Я в ответ пробую улыбнуться, пожать плечами. Остальные орут, перебивая друг друга: – «За колами! За колами!» – «И-и-эх, мальчишки, мальчишки!.. » – кудахчет медсестра сытым довольным смехом. И – шепотом: «Смотрите, мальчишки. Будете баловаться, придумаю вам такое специальное детское наказание, знаете?»

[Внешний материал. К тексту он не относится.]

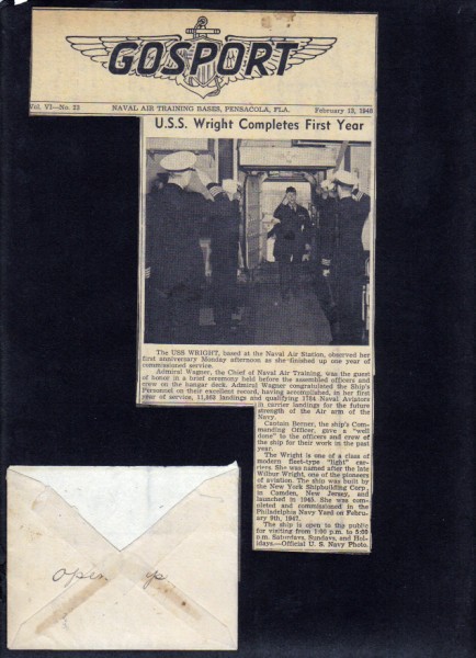 "Buddy" Cronin was a plankowner of USS Wright. These photos were taken off the coast of Pensacola, Fla., during flight training operations, circa 1947–1950.

– А мы вам тогда придумаем такое специальное женское наказание, знаете? – в тон ей отвечает Сережа Кашников. Все раздеваются догола, и я вижу, что задницы у многих моих одноклассников свежевыпороты. – «У Аксенова лицо красное. Пороли!» – убежденно сообщал Кашников кому-то – «А где? Кто? За что ему досталось» – спрашивали остальные. Я заметил, что мальчики криво улыбались, демонстрируя другу другу следы наказания, косились, здоровались как-то по особенному, шептались между собой, удивленно округляя глаза, словно спрашивая: «Ну, что было вчера? И как ты после этого?» – «А меня рушником таким перешитым мать как свиста-не-е!» – «А мне отец – бли-ин! Говорит: если я когда-нибудь совру или кого-нибудь при-ида-ам!..» – «Аксенову хорошо, его дома никогда не бьют. Ему, наоборот, все покупают…» – Медсестра под руку пыталась подвести меня к ним и говорила что-то певучим голосом, словно рассказывая сказку. Она говорит, а у меня почему-то чешется в горле и хочется кашлять, но вместо кашля толчками вырываются рыдания. Одноклассники смотрят на меня снисходительно, словно что-то прощая. Как будто они долго-долго пытались меня в чем-то убедить и вот, наконец, им это удалось. Кашников разглядывает мои рубцы: «Это – что! А вот посмотри, как Кадысенко вчера влетело!» Кадысенко еще только услышал, что про него говорят, а голова моя уже начала кружиться от того, что предстояло увидеть. Развернувшись ко мне спиной, он нехотя прошел раскорякой несколько шагов. – «Ну, – подвел итог Кашников. – Понял теперь? И ты так будешь жить.»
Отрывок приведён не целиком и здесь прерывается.